What the task requires: Return each line of the data below verbatim; pictures are to be left out.

** Opening Stored data block **

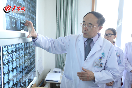 于金明院長在認真查看病人的腦電圖。(亓翔 攝)
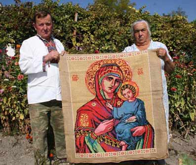 На фото О. Носаненка: подружжя Яценк╕в з вишитим образом Божо╖ Матер╕.
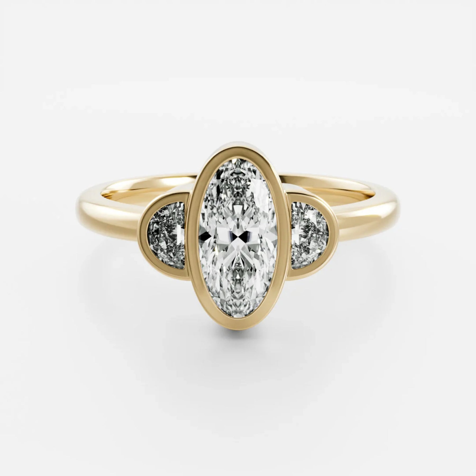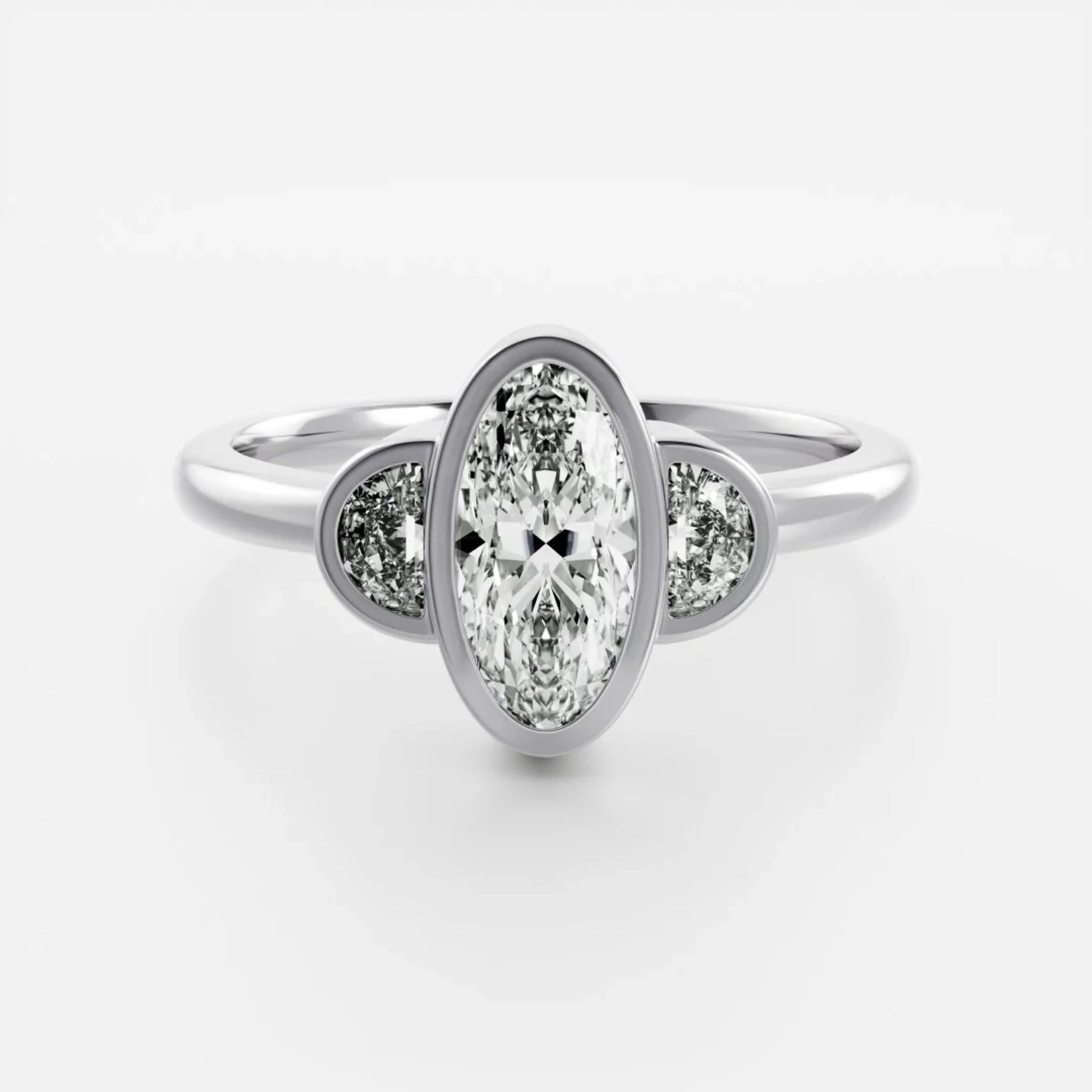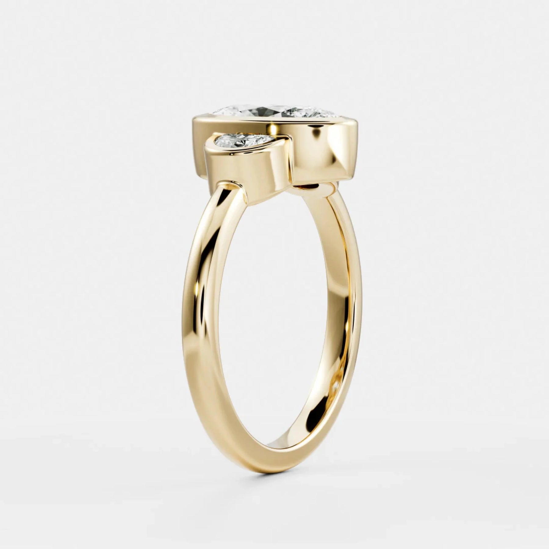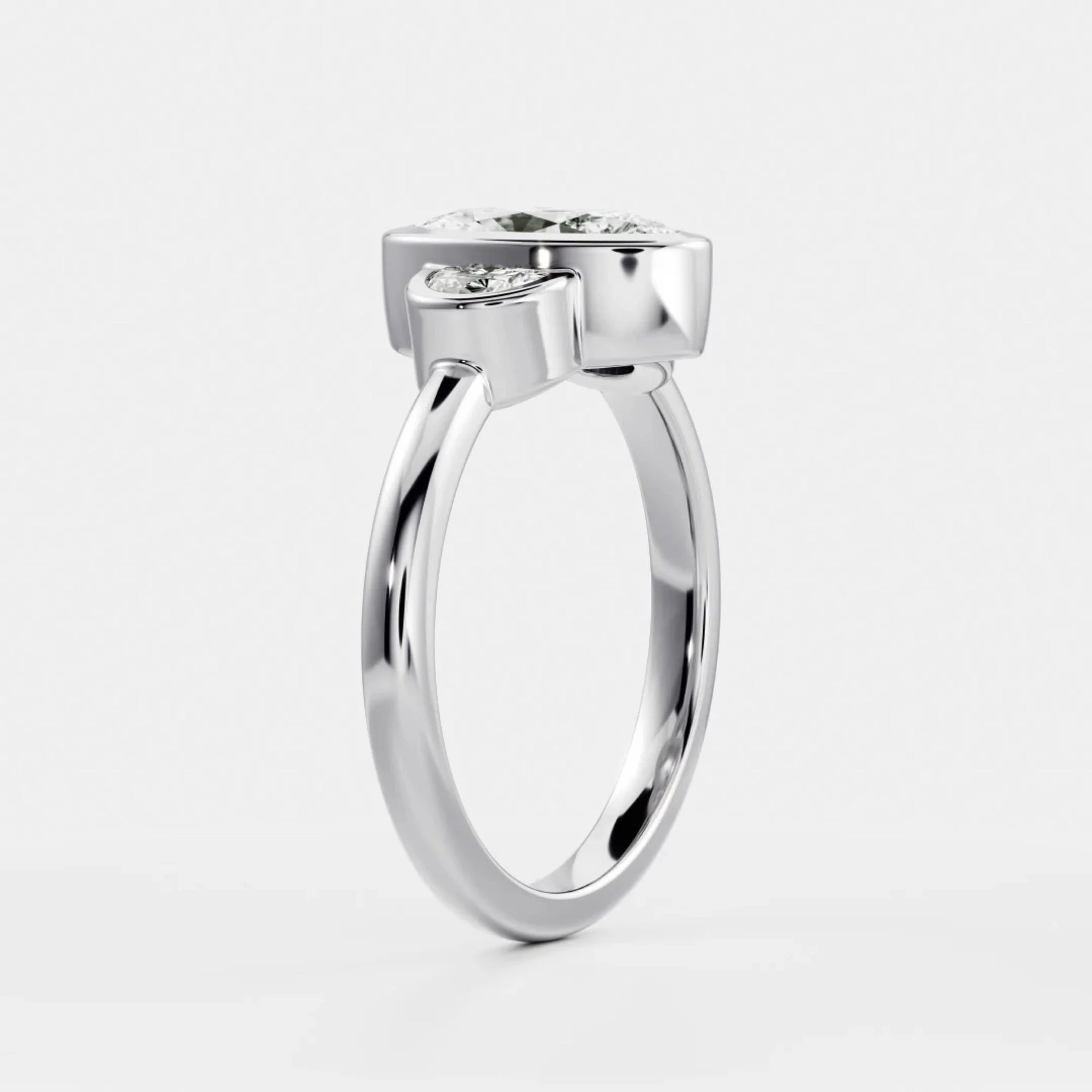 This 2.0CT Bezel Set Oval Cut Lab Grown Diamond Three Stone Engagement Ring combines sleek contemporary design with heartfelt symbolism. The oval center stone is securely wrapped in a smooth bezel setting, giving it a clean, modern edge while enhancing its natural brilliance. Flanked by two sparkling side diamonds, the three-stone arrangement represents your past, present, and future in a meaningful, elegant way. Ethically crafted with a refined silhouette, this ring is perfect for those who love modern simplicity paired with timeless romance.

** Closing Stored data block **

Response to this task:
 于金明院長在認真查看病人的腦電圖。(亓翔 攝)
 На фото О. Носаненка: подружжя Яценк╕в з вишитим образом Божо╖ Матер╕.
 This 2.0CT Bezel Set Oval Cut Lab Grown Diamond Three Stone Engagement Ring combines sleek contemporary design with heartfelt symbolism. The oval center stone is securely wrapped in a smooth bezel setting, giving it a clean, modern edge while enhancing its natural brilliance. Flanked by two sparkling side diamonds, the three-stone arrangement represents your past, present, and future in a meaningful, elegant way. Ethically crafted with a refined silhouette, this ring is perfect for those who love modern simplicity paired with timeless romance.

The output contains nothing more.